Last weekend saw protests in Odessa over the unveiling of a monument to Katherine the Great, the Russian Empress who initiated the often brutal conquest and colonisation of eighteenth century Ukraine. The monument has angered and infuriated Cossack groups who regard Katherine as an evil influence responsible for destroying their ancestors’ way of life and ushering in a despotic era of russification and oppression.
Such claims may well be historically accurate, but they ignore the inescapable truth that if this monument to Katherine is really an unacceptable stain on Ukraine’s national honour, then so is Odessa itself. After all, this is a city which often cheerfully pokes fun at the pretensions of the independent Ukrainian state and proudly guards its historical associations with the Russian past while maintaining an air of utter indifference towards the political squabbles of the age. It is a city state of enormous parochialism that is among the pearls of modern Ukraine but one which would no doubt be horrified to hear of itself referred to as such. You could call it an accident of geography if you like, but Odessa and Ukraine are stuck with each other and it is about time everybody got used to the fact.
While there is no doubting that officials behind this latest monument are guilty of deliberately playing on divisive attitudes towards the country’s history, it is impossible to deny that they are also very much in tune with local sentiment, which is as resistant to historical revisionism as areas elsewhere in the Ukrainian heartland were to Soviet rule. Nor are such historically confrontational gestures restricted to Ukraine’s pale of Russian sentiment. Traditional centres of Ukrainian nationalism are often just as guilty as the Russophiles of demonstrating their inability to work towards any sort of consensus, and officials were busy last week erecting monuments to controversial Second World War guerrilla leader and nationalist figurehead Stepan Bandera in western Ukraine.
Both parties would no doubt claim, with much justification, that it is their sacred right and obligation to pursue these highly emotive historical missions, but is this really the way to build a better country? At what point will the various parties decide that it is time to try and focus on what unites the population rather than harping on endlessly about issues which can only divide them?
The fact that monuments to eighteenth century Russian rulers are being erected now, sixteen years since Ukraine declared independence, is a sign of how little has been done to heal the wounds of the past and how much time has been wasted exploiting perceived historical injuries for short-term political gain.
It would be unfair to blame the political classes exclusively for this abject failure, as the general population has consistently displayed a remarkable lack of enthusiasm for any of the many parties over the years who have tried to campaign on a ticket of non-partisan bridge-building.

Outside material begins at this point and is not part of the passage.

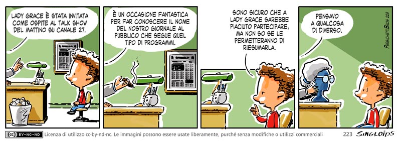 Capo: Lady Grace è stata invitata come ospite al talk show del mattino su Canale 27. – Capo: E’ un occasione fantastica per far conoscere il nome del nostro giornale al pubblico che segue quel tipo di programmi. – Bob: Sono sicuro che ha Lady Grace sarebbe piaciuto partecipare ma non so se le permetteranno di riesumarla. – Capo: Pensavo a qualcosa di diverso.

The truth is that Ukraine remains in many senses a country trapped in its own past and it is hard to see it ever reaching true maturity until this is rectified. There are promising signs in the lack of emphasis being placed on historical ties and linguistic issues in the current election campaign, and the prize that awaits the political leader who can actually overcome the historical prejudices and paranoia of the country is potentially huge.
As it stands, though, the only sentiment that the entire population seems to share is one of disdain for the political classes in general, an irony which would go down just as well in Odessa as it would in Kyiv or Lviv.